The high importance placed on the right of freedom of assembly has meant that it has been upheld by the Supreme Court even in cases involving demonstrations considered highly offensive or controversial by the surrounding community. The Supreme Court found in the 1977 case of National Socialist Party v. Skokie, for instance, that a planned Nazi march aimed at upsetting the Jewish residents of a neighborhood could be allowed as a permissible form of assembly. This right can generally be upheld in regard to the content of the assembly unless it contains messages specifically threatening violent or otherwise criminal actions.

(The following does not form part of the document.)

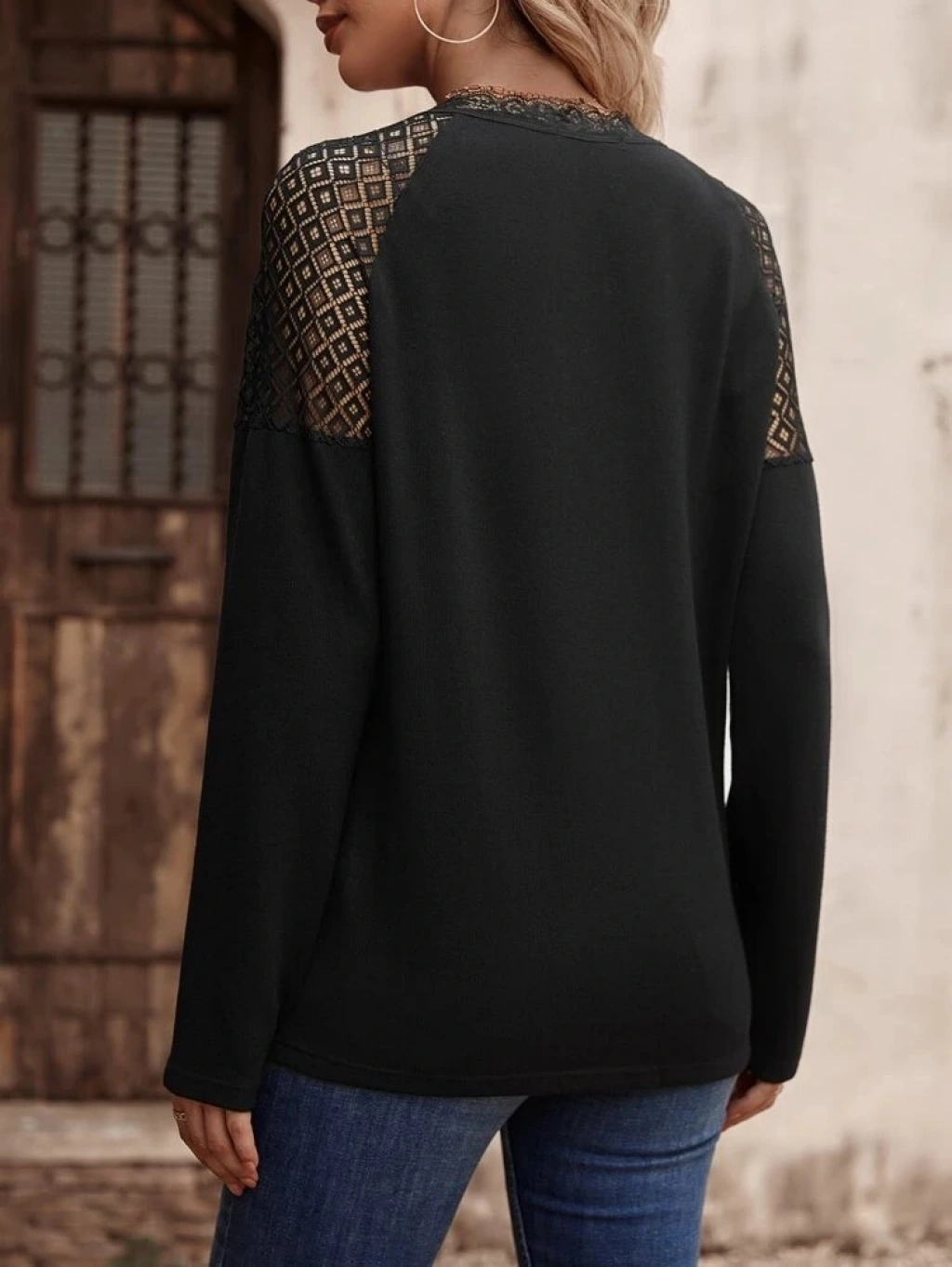 Kadın Uzun Kollu V Yakalı Dantel Detaylı Viskon Bluz
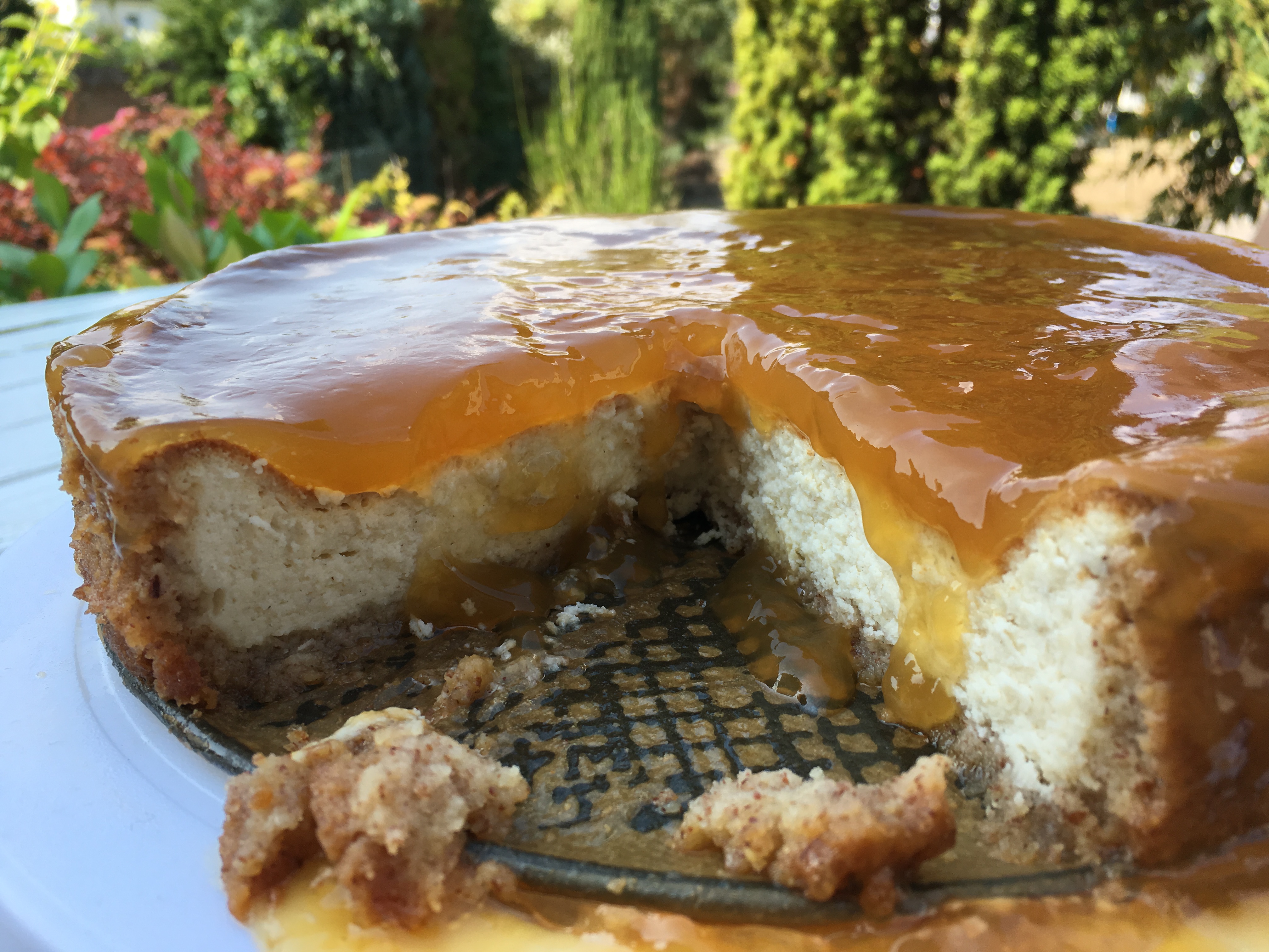 Theklas Torte überrascht mit einem Orangen-Sanddorn-Fruchtguss auf einem luftigen Käsekuchen mit Mandelboden. Super lecker, super saftig, überhaupt nicht trocken und “ein Käsekuchen mal anders”.

Related issues have also been dealt with by the Supreme Court in regard to the contemporary anti-abortion, right-to-life movement, noted for assembling outside of abortion clinics. In order to provide for the safety of staffers and visitors to these facilities, the Supreme Court may allow for requirements that the assembly of protesters take place at a certain distance from the clinic.

The rights of minors in regard to freedom of assembly have also been addressed by the Supreme Court. Minors are considered more vulnerable than adults and thus are often placed under a greater degree of State control in order to provide for their protection. The Supreme Court has shown, however, that it expects any laws that are passed toward this end to also provide, as much as they can, for the need to honor rights such as that to the freedom of assembly. Laws must thus be addressed "narrowly", in regard to a wide array of issues, to show that they are needed and intended for a particular end.

The Supreme Court drew on this requirement in the 1969 case of Shuttleworth v. Birmingham to remove a city ordinance for parades, finding that this law gave too much discretion to the responsible officials and thus raised the possibility that the law would be used to infringe on rights to free assembly.